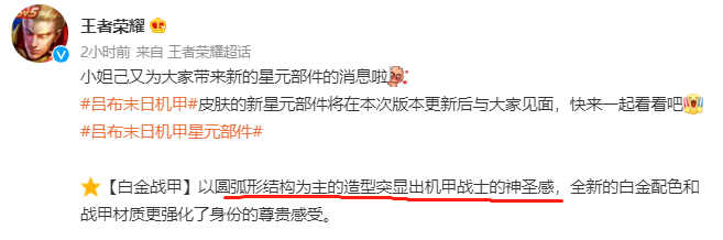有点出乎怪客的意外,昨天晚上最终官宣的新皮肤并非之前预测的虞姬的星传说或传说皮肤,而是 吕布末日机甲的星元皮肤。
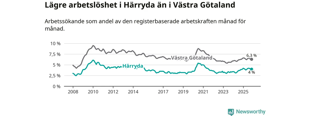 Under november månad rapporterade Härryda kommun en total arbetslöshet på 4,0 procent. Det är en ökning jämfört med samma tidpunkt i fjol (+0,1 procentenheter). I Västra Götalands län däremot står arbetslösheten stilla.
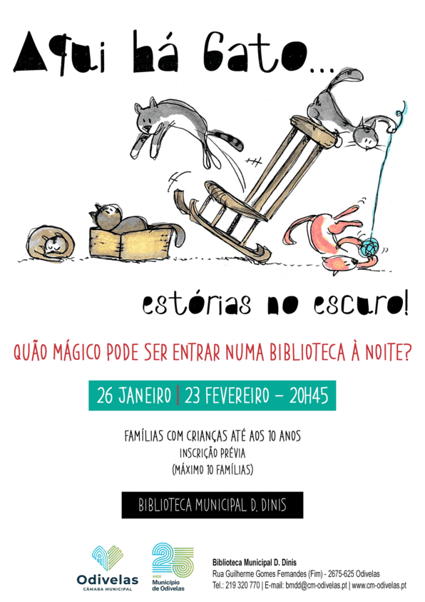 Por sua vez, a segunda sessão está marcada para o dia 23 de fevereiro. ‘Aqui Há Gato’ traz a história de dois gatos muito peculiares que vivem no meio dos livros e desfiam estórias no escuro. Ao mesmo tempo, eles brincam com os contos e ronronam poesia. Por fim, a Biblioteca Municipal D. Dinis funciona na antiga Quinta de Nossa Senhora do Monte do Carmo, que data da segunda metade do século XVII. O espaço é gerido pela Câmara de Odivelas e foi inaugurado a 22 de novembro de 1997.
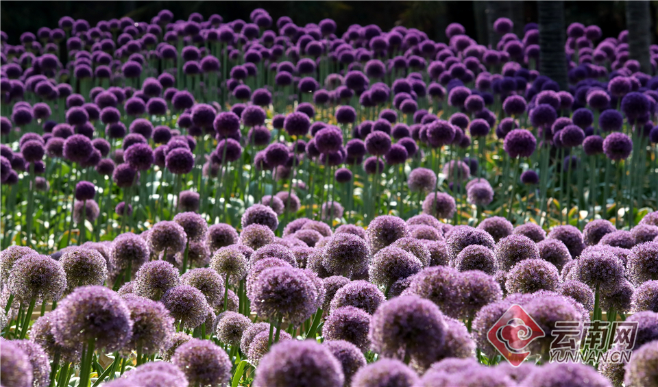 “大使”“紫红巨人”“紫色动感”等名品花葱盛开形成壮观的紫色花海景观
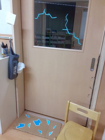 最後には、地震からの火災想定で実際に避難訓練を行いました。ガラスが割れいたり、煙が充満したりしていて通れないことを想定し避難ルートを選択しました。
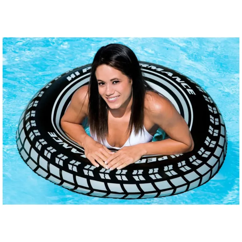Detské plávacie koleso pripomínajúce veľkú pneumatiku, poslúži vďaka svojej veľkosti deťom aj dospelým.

★ ★ ★

→ **EXERCISE BRIEF**:
Write the records above out again exactly, but not the pictures.

→ **ANSWER TO THIS EXERCISE**:
有点出乎怪客的意外,昨天晚上最终官宣的新皮肤并非之前预测的虞姬的星传说或传说皮肤,而是 吕布末日机甲的星元皮肤。
 Under november månad rapporterade Härryda kommun en total arbetslöshet på 4,0 procent. Det är en ökning jämfört med samma tidpunkt i fjol (+0,1 procentenheter). I Västra Götalands län däremot står arbetslösheten stilla.
 Por sua vez, a segunda sessão está marcada para o dia 23 de fevereiro. ‘Aqui Há Gato’ traz a história de dois gatos muito peculiares que vivem no meio dos livros e desfiam estórias no escuro. Ao mesmo tempo, eles brincam com os contos e ronronam poesia. Por fim, a Biblioteca Municipal D. Dinis funciona na antiga Quinta de Nossa Senhora do Monte do Carmo, que data da segunda metade do século XVII. O espaço é gerido pela Câmara de Odivelas e foi inaugurado a 22 de novembro de 1997.
 “大使”“紫红巨人”“紫色动感”等名品花葱盛开形成壮观的紫色花海景观
 最後には、地震からの火災想定で実際に避難訓練を行いました。ガラスが割れいたり、煙が充満したりしていて通れないことを想定し避難ルートを選択しました。
Detské plávacie koleso pripomínajúce veľkú pneumatiku, poslúži vďaka svojej veľkosti deťom aj dospelým.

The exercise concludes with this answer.